И тут-то появился задор. Большевики, понимая, что приходит конец битве, усилили стрельбу до высшего напряжения. Весь город загудел от артиллерийской канонады и ружейной стрельбы.

И в то же время белая гвардия, зная, что теперь уже не надо жалеть патронов, вымещала на победителях свое унижение. Самые жестокие бои произошли именно в эту страшную ночь, уже после заключения мира.

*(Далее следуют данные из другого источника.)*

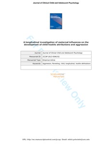 Healy, S. J., Murray, L., Cooper, P. J., Hughes, C. and Halligan, S. L. (2013) A longitudinal investigation of maternal influences on the development of child hostile attributions and aggression. Journal of Clinical Child & Adolescent Psychology, 44 (1). pp. 80-92. ISSN 1537-4424 doi: 10.1080/15374416.2013.850698

Офицеры ломали свое оружие и сами срывали с себя погоны. Наиболее горячие клялись опять поднять борьбу, когда это будет можно.

Утром в Александровском училище дружинники начали сдавать оружие.

XIX

Все эти дни Василий Петряев провел как в тумане, - ничего не видя впереди, в отчаянии, полный безнадежности.

Весной, после мартовской революции, мать говорила угрожающе:

- Подождите, подождите, дьяволы. Еще друг друга будете резать.

О, как смеялся тогда Василий.

- Мама, ты же ничего не понимаешь… Неужели люди теперь-то вот именно будут врагами друг другу?

- Да, ничего не понимаю, - обижалась мать. - Конечно, мать-то давно дурой стала, ничего не понимает. Только вы уж очень умны, дорогие сыночки… Но подождите, прохвосты. По-до-жди-те…

И вот угроза матери будто исполнилась… Люди действительно режут друг друга. Иван пошел за белых, а рабочие, старые друзья Петряевых - Акимка, например, - пошли за красных. Разорвалось единое. Братья по духу и положению - они вышли в бой друг с другом. И это было так дико и невероятно, что недоставало сил понять создавшийся ужас.

Ушел Иван.

В то утро, проводив его, Василий долго стоял на улице, слушал гул далеких выстрелов. Туман с прудов полз густо, темно-дымчатый, пронизывающий, нагоняющий дрожь. От заставы, дробно стукая ногами, партиями шли рабочие с винтовками за плечами и с патронными сумками у пояса. Все они были одеты в рваные, потрепанные пиджаки и штаны. Должно быть, надели самое худшее, чтобы не портить напрасно одежды.

И казалось, толпа бродяг вооружилась и идет рушить город, культуру. Они говорили громко и ругались резко.

В первой группе шел высокий рабочий с рыжими реденькими усами, синеглазый, с впалыми щеками. Василий знал его. По всей Пресне этот рабочий был известен под кличкой Лупандихи. За пьянство и мелкое воровство его нигде не держали, и сами же рабочие относились к нему с презрением. А теперь Лупандиха шел с винтовкой за плечами, гордый и важный. У Василия шевельнулось чувство брезгливости.

- Тоже, и этот пошел…

Но рядом с Лупандихой, в той же группе, шли два других рабочих - Миронов и Сивков, - серьезные, неглупые люди, славные, как товарищи, искренние и честные. Миронов подошел к Василию.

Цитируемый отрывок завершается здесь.